Key Points and Observations
- XLA significantly increases the amount of Img/sec across most models. This is true for both FP16 and FP32, however the most dramatic gains were seen in FP16 up to 32% (ResNet50, 4GPU Config, FP16).
- On certain models we ran into errors when performing benchmarks using XLA (VGG and Alexnet models at FP32).
- The ResNet models (ResNet50, ResNet152) showed massive improvements using XLA + FP16.
GeForce RTX 2080 Ti Benchmark Snapshot, All Models, XLA on/off, FP32, FP16
GeForce RTX 2080 Ti Deep Learning Benchmarks: FP16 (XLA on)
1 GPU img/sec | 2 GPU img/sec | 4 GPU img/sec | Batch Size | |
InceptionV4 | 217.87 | 303.98 | 521.84 | 64 |
ResNet152 | 290 | 450.72 | 849.92 | 64 |
VGG16 | 339.57 | 505.99 | 940.04 | 64 |
NASNET | 342.9 | 657.15 | 1298.89 | 128 |
InceptionV3 | 425.15 | 708.47 | 1354.54 | 128 |
ResNet50 | 812.24 | 1386.49 | 2683.34 | 128 |
Run these benchmarks
Configure the num_gpus to the number of GPUs desired to test.

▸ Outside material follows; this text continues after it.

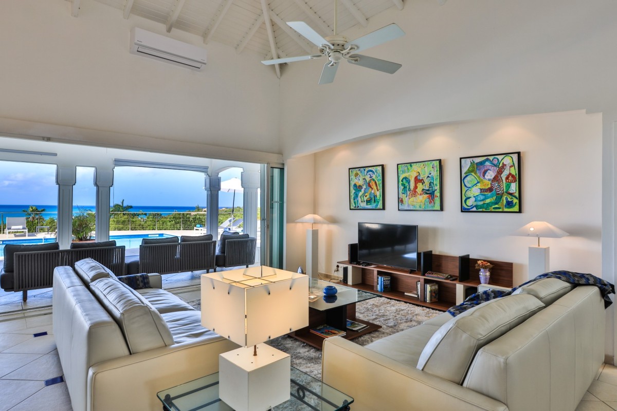 The Villa Oceane on St Martin is located in the exclusive gated community of Terres Basses just minutes away from the pristine Plum Bay Beach. This charming, family friendly villa is set amongst a gorgeous, flowering luscious green garden and the villa itself commands sweeping, stunning views of the nearby Caribbean Sea. Mediterranean in architecture, the interiors are spacious and elegantly furnished with a combination of wood, rattan and iron and glass pieces.

Change model to desired architecture.
python tf_cnn_benchmarks.py --data_format=NCHW --batch_size=64 --num_batches=100 --model=inception4 --optimizer=momentum --variable_update=replicated --all_reduce_spec=nccl --use_fp16=True --nodistortions --gradient_repacking=2 --datasets_use_prefetch=True --per_gpu_thread_count=2 --loss_type_to_report=base_loss --compute_lr_on_cpu=True --single_l2_loss_op=True --xla_compile=True --local_parameter_device=gpu --num_gpus=1 --display_every=10
GeForce RTX 2080 Ti Deep Learning Benchmarks: FP16 (XLA off)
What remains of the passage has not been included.